Hi Luc!
The short story is use sigmoid()
to create a “soft” mask.
The problem is that the threshold-masking operation is not (usefully)
differentiable.
As you vary threshold
over some range, the same masked elements
of your tensor are kept, so loss
is constant over this range of
threshold
. Mathematically, over this range, the gradient of loss
is zero, which isn’t useful for gradient descent (and pytorch is smart
enough not to compute this not-useful gradient).
At the specific (discrete) values of threshold
where the set of masked
elements changes, the gradient is mathematically undefined (or inf
, if
you prefer). This is also not useful (and in any event, is a set of measure
zero).
Instead, you want to smoothly turn the masked elements on and off.
Consider:
>>> import torch
>>> print (torch.__version__)
2.3.1
>>>
>>> _ = torch.manual_seed (2024)
>>>
>>> X = torch.randn (10, 3, requires_grad = True)

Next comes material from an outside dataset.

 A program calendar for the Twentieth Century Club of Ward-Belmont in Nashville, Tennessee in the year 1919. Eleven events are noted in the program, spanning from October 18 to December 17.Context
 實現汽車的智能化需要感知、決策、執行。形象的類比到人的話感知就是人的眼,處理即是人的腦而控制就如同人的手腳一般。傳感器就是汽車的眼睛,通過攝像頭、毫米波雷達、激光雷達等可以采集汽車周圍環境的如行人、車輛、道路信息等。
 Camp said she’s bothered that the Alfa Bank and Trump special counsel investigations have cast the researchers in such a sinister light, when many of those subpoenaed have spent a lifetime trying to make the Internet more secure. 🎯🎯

>>> threshold = torch.tensor (1.5, requires_grad = True)
>>>
>>> loss = X[X.norm (dim = 1) < threshold].norm (dim = 1).mean()
>>> loss
tensor(1.0206, grad_fn=<MeanBackward0>)
>>>
>>> hard = 10.0 # larger values make the mask "harder"

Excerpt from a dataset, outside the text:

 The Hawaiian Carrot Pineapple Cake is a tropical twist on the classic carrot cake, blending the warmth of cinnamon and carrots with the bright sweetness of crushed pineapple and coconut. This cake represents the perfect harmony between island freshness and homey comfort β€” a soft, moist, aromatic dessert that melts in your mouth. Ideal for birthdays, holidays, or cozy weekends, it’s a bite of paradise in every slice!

>>> X_norm = X.norm (dim = 1)
>>> soft_mask = torch.sigmoid (hard * (threshold - X_norm))
>>> soft_mask
tensor([9.0025e-03, 9.9987e-01, 8.5999e-01, 9.0971e-07, 9.6722e-01, 9.2340e-08,
9.6193e-03, 9.9644e-01, 9.9148e-01, 9.8524e-01],
grad_fn=<SigmoidBackward0>)
>>>
>>> lossB = (soft_mask * X_norm).sum() / soft_mask.sum() # weighted mean
>>> lossB
tensor(1.0156, grad_fn=<DivBackward0>)
>>>
>>> lossB.backward()
>>> threshold.grad
tensor(0.1020)
Here we smoothly turn the masked elements on and off by multiplying
them with soft_mask
that contains values that are (usually) close to
zero or one.
As the parameter hard
is increased, in principle to infinity, the elements
of soft_mask
become zero and one, soft_mask
becomes effectively
the same as your “hard” boolean mask, and lossB
becomes equal to
loss
.
However, the larger you make hard
, the smaller the range becomes
over which the gradient of loss with respect to threshold
differs from
zero enough to be of practical use. (And even is when the gradient is
mathematically non-zero, it can underflow to zero.)
Think of soft_mask
as a differentiable proxy for (approximation to)
your hard boolean mask.
It’s up to your use case how hard or soft you want soft_mask
to be and
what value you should use for the parameter hard
.
Best.
K. Frank